Exercise objective: Starting at the first line of the data, print every line up to and including the one with "It's a stunning", but no pictures.

Recorded data:
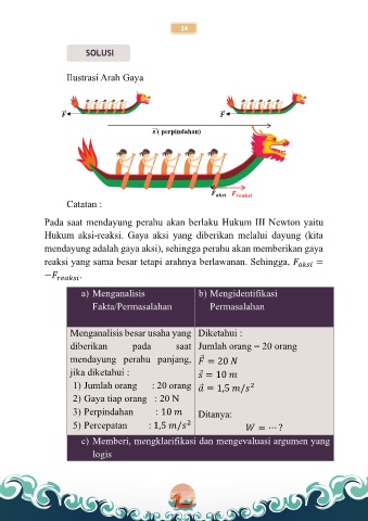 mendayung adalah gaya aksi), sehingga perahu akan memberikan gaya
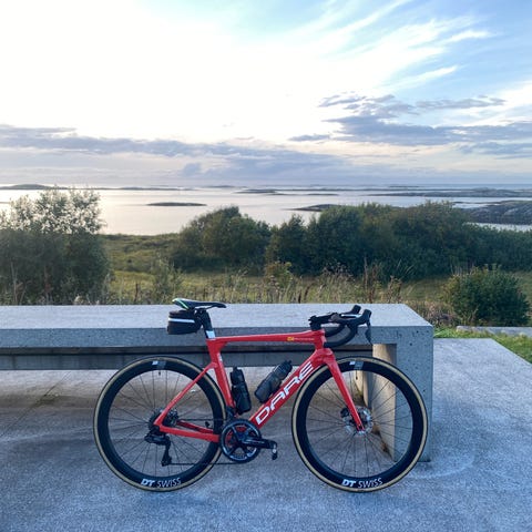 It's a stunning bike, especially in the sunlight - the color really pops in photos, so bonus points if you like snapping pics for Strava or Instagram! It's an excellent carbon road bike, light and perfect for climbing (should be around 9.5 kg with pedals).
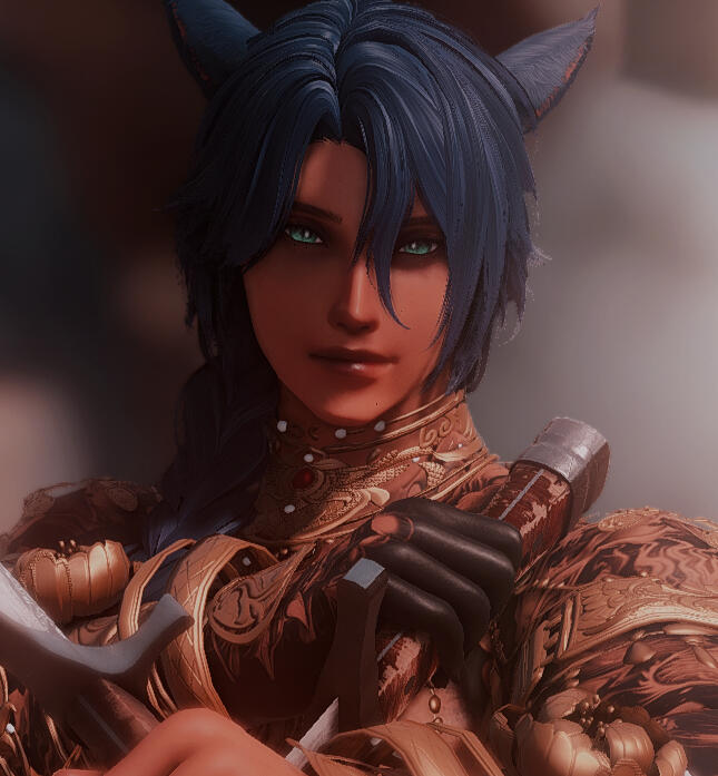 ㅤbiographyㅤㅤM'iago was orphaned as a result of the Garlean invasion of Ala Mhigo. His parents were swayed by the passionate words of Curtis Hext to dethrone the Mad King. Yet the Garlean invasion swiftly cut down them down and left M'iago without a family or hope. With nothing left, M'iago joined the group fleeing his homeland, seeking some shelter to away from all they had lost. Despite this, M'iago never let his light burn out. Through their endless trek he continued to rouse the people with song and dance every night. His energy was infectious, leaving the others with hope. It seemed as long as he could smile, the refugees would never give up.But, after only finding solace within the outskirts of Thanalan, something had changed with M'iago. He disappeared for a couple of days, and when he returned he was withdrawn, keeping to himself and staring up at the sky for hours on end. M'iago had been speaking about a friend for weeks on end previously, someone he cared deeply about. Many thought he may have lost said friend, which caused the other refugees to give him space, waiting for him to open up to them. This continued until one day, a group of Amal'jaa raided the camp.They fought off most, but a couple slipped into their caves, charging towards the young and elderly. When the refugees rushed in after them, they found the Amal'jaa dead, with young M'iago ontop of one, violently bashing it in the head over and over with a large rock. From that point on, M'iago recognized his talent for combat and became a gladiator, making a living and even a Champion. All his earnings given to the refugees, though they lamented how it felt M'iago sacrificed his innocence for them.M'iago played a character for all, to appeal to the masses, and none can tell what was the real him until post-Endwalker. Where the truth of what, or who M'iago really was came to the surface.
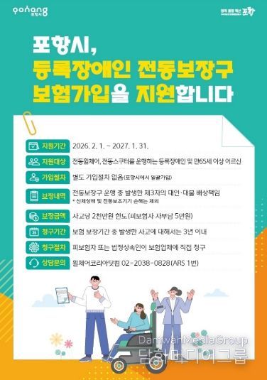 시민행정신문 기자 | 포항시는 장애인의 안전한 이동권 보장하고 사고 발생 시 경제적 부담을 덜어주기 위해 추진 중인 ‘장애인 전동보장구 배상책임보험 지원사업’을 2월부터 갱신 시행한다.
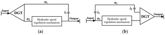 In a hydro-mechanical transmission system, the DGT can serve as both a power split device on the input side of the system and a power-combining device on the output side of the system [26]. When only one set of planetary gear exists in the system, the power-coupling form of the system can be divided into output- and input-coupling types according to the difference in the distribution position of the DGT, as shown in Figure 1.
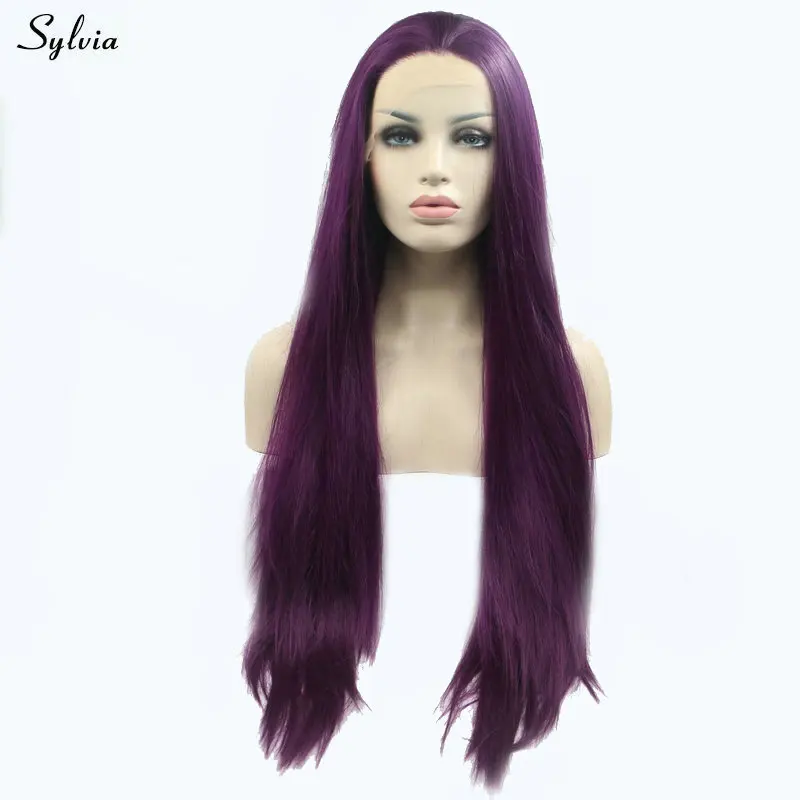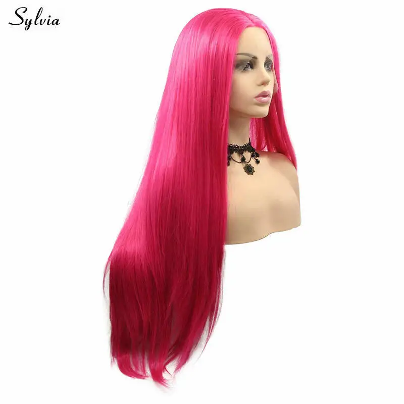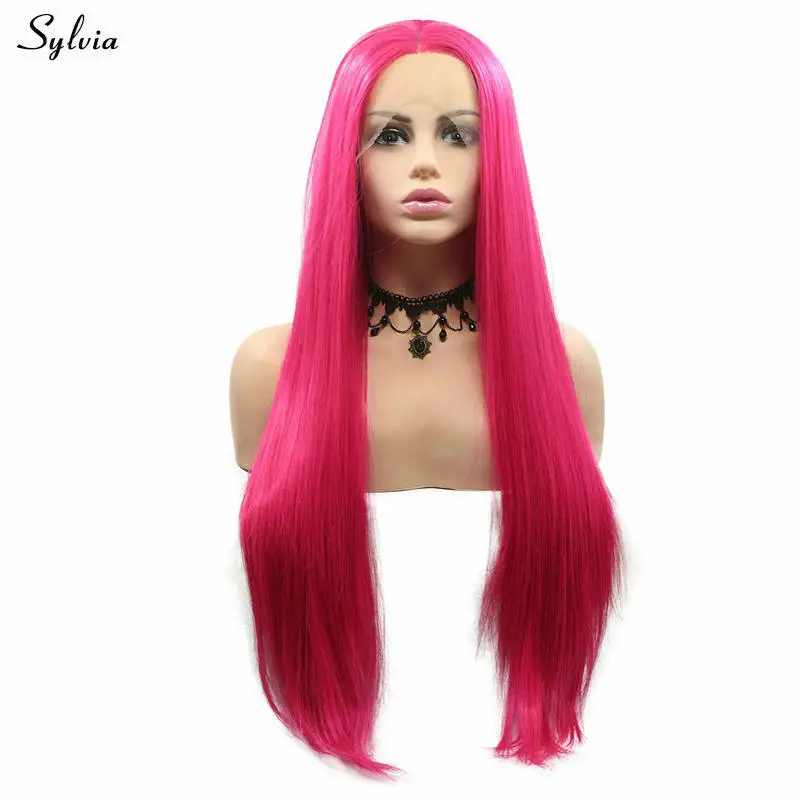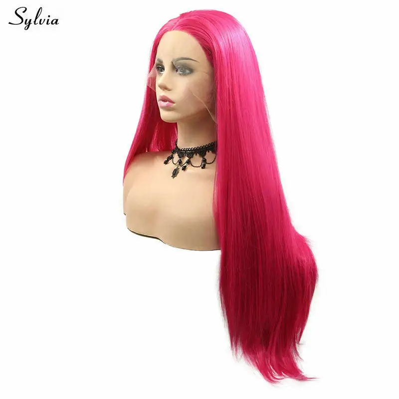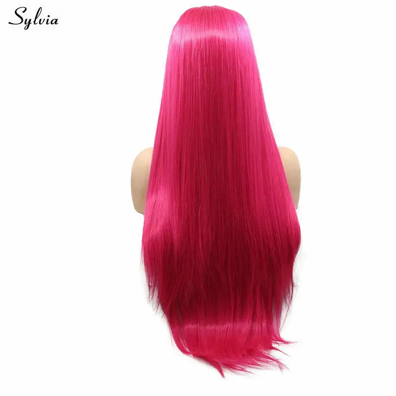 Сильвия косплей парик розовый красный/фиолетовый кружевной передний парик шелковистые прямые термостойкие синтетические парики для женщин Макияж вечерние длинные волосы

Task solution:
 mendayung adalah gaya aksi), sehingga perahu akan memberikan gaya
 It's a stunning bike, especially in the sunlight - the color really pops in photos, so bonus points if you like snapping pics for Strava or Instagram! It's an excellent carbon road bike, light and perfect for climbing (should be around 9.5 kg with pedals).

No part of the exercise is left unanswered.